BROWN: Is there -- do you have any sense that baseball is overplaying its hand? It's basically saying you've got until the end of the year to give us the deal we bargained on or we're gone. Where are they going?

ZIMBALIST: I don't think there's any place for them to go, frankly.

Mayor Goodman is making noises and taking showgirls around from Las Vegas. But the interest in Las Vegas, the casinos in Las Vegas are used to rebuilding the whole world and paying for it privately. They're not interested in publicly funding a new stadium. So, he has a long political battle there. Las Vegas is not ready. Portland, Oregon, isn't ready. Mayor Katz hasn't been able to deliver there. The other places that have tried have not been able to advance a piece of legislation that says we're going to fund, fund publicly, or even mostly publicly fund a ballpark.

And besides all of that, Washington, D.C.'s a much better market than any of these other ones. So, look, Major League Baseball had reason to be angry right now. They did sign a deal, albeit they knew when they signed the deal that it had to be passed through the city council. And one of the reasons why they put the December 31 date on there was because they wanted this city council and not the next city council to vote on it.

But they did sign a deal. They expected the deal to be implemented. That was reasonable of them to expect that. For some reason, there was miscommunication or no communication between Mayor Williams and Linda Cropp. And the thing broke down. Right now, what baseball's trying to do is establish their bargaining leverage, take as hard a line as they can, and end up with the best deal that they can.

BROWN: Up or down in 10 seconds. Do you think baseball will come back to Washington or is this thing is going to blow up?

ZIMBALIST: I have to bet that it's going to happen, Aaron. I don't think there's anything else for them to do.

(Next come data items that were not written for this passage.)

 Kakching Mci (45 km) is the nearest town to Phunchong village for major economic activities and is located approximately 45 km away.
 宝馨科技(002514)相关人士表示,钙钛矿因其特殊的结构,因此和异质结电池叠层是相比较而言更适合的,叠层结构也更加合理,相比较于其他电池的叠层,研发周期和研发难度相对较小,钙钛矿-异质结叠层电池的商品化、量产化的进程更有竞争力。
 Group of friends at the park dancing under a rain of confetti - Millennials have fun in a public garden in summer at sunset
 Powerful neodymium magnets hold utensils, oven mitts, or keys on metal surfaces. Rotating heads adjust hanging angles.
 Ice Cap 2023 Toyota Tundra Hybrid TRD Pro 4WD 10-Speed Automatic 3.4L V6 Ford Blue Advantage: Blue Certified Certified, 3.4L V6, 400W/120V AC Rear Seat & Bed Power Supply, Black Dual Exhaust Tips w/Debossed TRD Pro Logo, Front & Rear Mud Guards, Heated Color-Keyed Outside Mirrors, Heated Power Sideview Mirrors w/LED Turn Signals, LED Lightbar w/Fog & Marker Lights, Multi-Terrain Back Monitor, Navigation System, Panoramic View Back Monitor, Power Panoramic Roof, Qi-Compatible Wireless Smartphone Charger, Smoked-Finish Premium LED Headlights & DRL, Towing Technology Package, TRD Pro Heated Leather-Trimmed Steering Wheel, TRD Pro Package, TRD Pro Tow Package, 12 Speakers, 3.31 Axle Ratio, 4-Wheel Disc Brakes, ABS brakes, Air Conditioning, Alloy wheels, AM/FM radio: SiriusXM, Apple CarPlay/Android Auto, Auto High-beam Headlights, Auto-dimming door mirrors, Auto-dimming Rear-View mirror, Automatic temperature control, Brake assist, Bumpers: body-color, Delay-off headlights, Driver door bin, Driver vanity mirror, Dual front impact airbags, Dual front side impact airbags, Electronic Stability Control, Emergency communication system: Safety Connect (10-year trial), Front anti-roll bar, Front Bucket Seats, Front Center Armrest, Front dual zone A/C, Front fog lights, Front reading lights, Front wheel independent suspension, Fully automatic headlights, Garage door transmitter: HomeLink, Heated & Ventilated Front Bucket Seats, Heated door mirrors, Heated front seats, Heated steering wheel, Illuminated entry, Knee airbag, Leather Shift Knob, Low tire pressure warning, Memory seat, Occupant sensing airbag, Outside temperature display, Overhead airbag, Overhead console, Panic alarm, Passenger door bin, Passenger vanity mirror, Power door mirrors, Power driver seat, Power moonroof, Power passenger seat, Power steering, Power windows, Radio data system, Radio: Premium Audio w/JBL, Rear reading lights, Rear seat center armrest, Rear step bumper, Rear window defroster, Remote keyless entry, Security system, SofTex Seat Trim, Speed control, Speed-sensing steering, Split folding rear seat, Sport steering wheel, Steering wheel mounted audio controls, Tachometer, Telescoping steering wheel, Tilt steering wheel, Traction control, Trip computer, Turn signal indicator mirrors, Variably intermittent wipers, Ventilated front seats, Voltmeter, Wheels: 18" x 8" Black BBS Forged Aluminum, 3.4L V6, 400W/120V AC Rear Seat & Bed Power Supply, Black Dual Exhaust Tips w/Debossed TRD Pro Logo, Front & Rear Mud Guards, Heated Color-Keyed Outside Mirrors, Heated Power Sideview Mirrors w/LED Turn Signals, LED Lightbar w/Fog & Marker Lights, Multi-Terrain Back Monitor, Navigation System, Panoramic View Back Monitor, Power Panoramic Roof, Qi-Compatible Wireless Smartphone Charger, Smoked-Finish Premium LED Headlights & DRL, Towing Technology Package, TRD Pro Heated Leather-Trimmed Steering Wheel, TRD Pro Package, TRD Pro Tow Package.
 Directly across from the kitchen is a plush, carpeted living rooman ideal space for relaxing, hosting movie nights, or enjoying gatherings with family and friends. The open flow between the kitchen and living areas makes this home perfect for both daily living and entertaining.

BROWN: Andy, there's no betting in baseball. Thank you.

(LAUGHTER)

BROWN: It's good to see you.

ZIMBALIST: You, too.

BROWN: Have a good holiday, Andy Zimbalist.

ZIMBALIST: Thanks. You, too.

BROWN: Still ahead -- oh, still ahead on the program, coming up at the top of the hour, here's what's next on CNN.

(BEGIN VIDEO CLIP)

LOU DOBBS, CNN ANCHOR: Coming up next here on CNN, Mexico, home to tens of thousands of millionaires, so why are millions of Mexican illegal aliens invading this country desperate to escape poverty? We'll have a special report and a great deal more at the top of the hour next on CNN.

(END VIDEO CLIP)

BROWN: That's what's coming up next on the network. Here's what's coming up next on NEWSNIGHT. Lewis and Clark looking for the Northern Passage. We'll see what they saw.

We'll take a break first.

(COMMERCIAL BREAK)

BROWN: Two hundred years after Lewis and Clark headed west from the Mississippi, the scenery has changed a bit, though not entirely, as photographer Brent Phelps discovered, panoramic camera in hand walking in their footsteps.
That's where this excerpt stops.